The following is an excerpt from Chapter 4 of our book “Broken Markets” (FT Press, 2012):

In February 2004, the SEC published for comment its most devastating regulation yet – Regulation NMS. Reg NMS was billed as a way to modernize and strengthen the existing national market system (NMS). Due to changes in technology and regulations over the previous decade, the SEC thought it was time for sweeping reform.

After proposing the 500-page Reg NMS, the SEC was inundated with comments from the industry. The SEC received 1,691 letters. Many saw the rule as damaging to their business and were trying to protect themselves, but many saw it as a golden opportunity and they were staking out their position.

The original Reg NMS proposal in February 2004 had four parts:[1]

-Trade Through Proposal:  Market centers would be required to prevent trade-throughs, which are the execution of an order in its market at a price that is inferior to a price displayed in another market.

-Market Access Proposal: The goal here was to modernize the terms of access to quotations and execution of orders in the NMS. The SEC wanted market centers to provide non-discriminatory access to their quotes.

-Sub-Penny Proposal: Market participants would be prevented from accepting, ranking, or displaying orders, quotes, or indications of interest in a pricing increment finer than a penny, except for securities with a share price of below $1.00.

-Market Data Proposal: Market data revenue rules would be modified to reward market centers for trades and quotes.  The formula for the splitting of the estimated $500 million/year market data pot would now be based on 50% trades and 50% quotes at the national best bid and offer.

The most disruptive piece of Reg NMS was the Trade Through proposal.  The rule was intended to make sure that smaller orders that were priced better did not get bypassed when a block trade occurred.  This rule was already in place for NYSE listed stocks, but Reg NMS would extend it to all market centers, including NASDAQ.  In its original version, the Trade Through proposal had an exception which would have allowed a “fast” automated market to trade through a “slow” non-automated market like the NYSE up to a certain level.  The NYSE wouldn’t have to convert to a “fast” market since the trade through exception allowed investors to trade through “slow” markets.  The power of “being downstairs” and “in the crowd” was left intact.  The power of Dick Grasso was evident in the writing of this exception.  But now that Dick Grasso had left the NYSE, the trade through exception faced an assault from automated traders that wanted full access to an all-electronic book.  These high frequency traders were dominating NASDAQ and now they wanted access to NYSE.  But if a non-automated, slow market center were still allowed to quote, then the HFTs would not be able to play their arbitrage games.  They needed full access to a book of orders that all had to respond instantly.

On April 21, 2004, the SEC held a public hearing on Reg NMS.  The attack on the trade through exception was about to begin.

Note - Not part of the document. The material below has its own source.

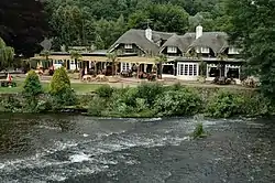 The inn has a carvery and is said to serve good-quality meat and fish dishes, such as herbed stuffed trout, mussels and Aberdeen Angus burgers.[3][4][5] The inn is reported to have obtained the rights to fish a 3/4 mile stretch of the River Exe, providing the restaurant with an abundance of fresh fish to serve.[6] The Waterside Bar of the inn overlooks the river and the bridge.
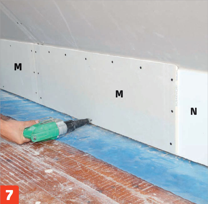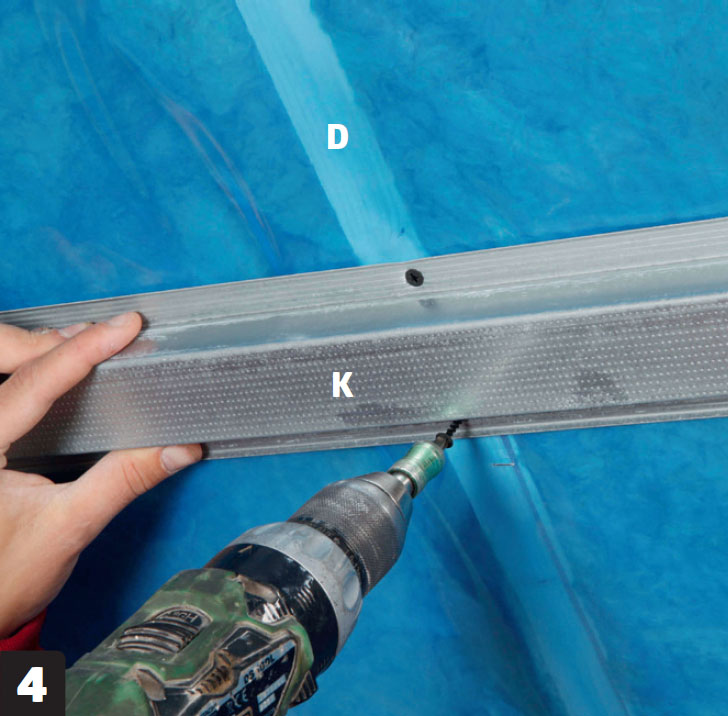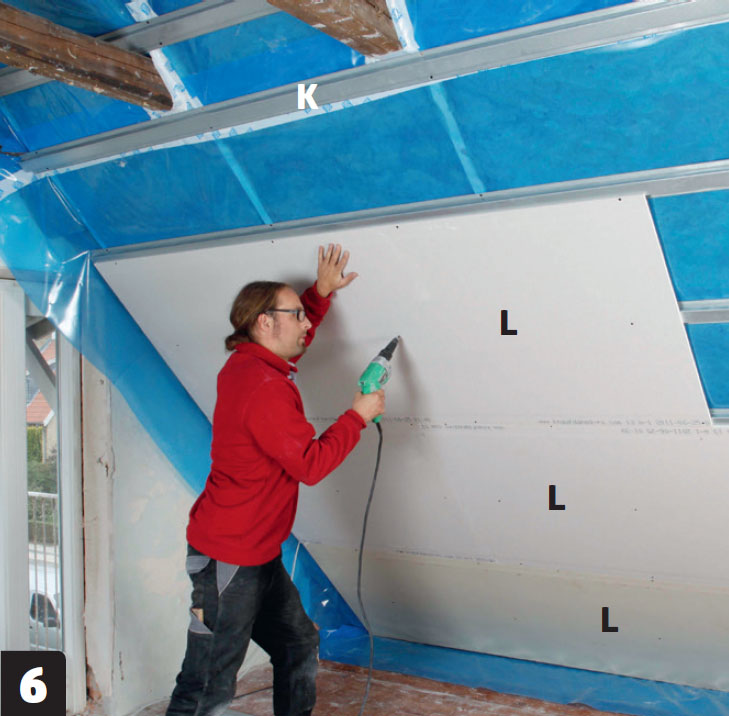 Ruuvaa kipsilevyt (L) kiinni 25 millin ruuveilla, jotka eivät mene höyrynsulun läpi. Aloita alhaalta, jotta voit nostaa loput levyt niiden varaan. Halkaise alin levy siten, että se sopii teräsrankojen (K) jakoon.

The automated trading community wanted this exception removed.  The witness list read like a who’s who of Wall Street and included exchange executives, brokerage executives, specialists and academics. Without Grasso to organize a coordinated defense, the NYSE auction market was under assault.  Tower Research, an automated trading firm, complained about the trade through proposal by saying it “creates an unfair advantage for slower market centers.” [2]  Madoff Securities, a “third” market maker demanded full automation of quotes.  Bernie Madoff stated at the hearing that the SEC should “require all ‘quoting’ market centers to employ an automated order execution facility for inter-market orders.”[3] Professor Daniel Weaver of Rutgers demanded that “price priority should be established in all markets.”[4]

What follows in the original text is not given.